You can have massive amounts of RAM these days. You’re sooner to hit big-O limits from bad architectural decisions than run out of memory. If you do get to that point you likely have enough value in your usage to justify scaling out further and sharding.

> And third, it is worth spending time mastering Redis data structures.

Bingo. The true secret to properly using Redis: understanding the big-O complexity of each operation (…and ensuring that none of your interactions are more than logarithmic).

3 comments

You can have massive amounts of RAM these days. You’re sooner to hit big-O limits from bad architectural decisions than run out of memory. If you do get to that point you likely have enough value in your usage to justify scaling out further and sharding.

Absolute disagreement.

It is very easily to accidentally leak a few hundred MB per week in a busy Redis system. The code will look and work fine...at first. It is correspondingly hard to track down and clean up the leak a few months later. (Particularly if there are multiple such to track down.) Yes, you can go for years just buying larger and larger EC2 instances. But that will also come with a shocking price tag.

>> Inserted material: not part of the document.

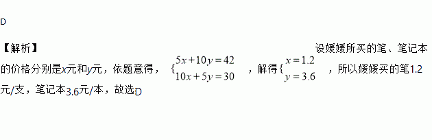 根据以下对话,可以求得小红所买的笔和笔记本的价格分别是( )

I know of a number of organizations that this happened to. And pretty much every bad Redis story I hear about had this as a root cause. That is why I brought it up as an important consideration.

Yes, this matches my experience.

Redis excels as a memcached alternative with some useful operations. Where people get into trouble with redis is treating it as a persistent data store, when despite it's ability to replicate and persist, redis has some constraints you need to work within. At best think of redis as something that can hold a materialized view, but where it can become corrupted at any random time, so you'll need the ability to rematerialized it from something else. And second, you absolutely have to be conscious of how close you are to ram limits.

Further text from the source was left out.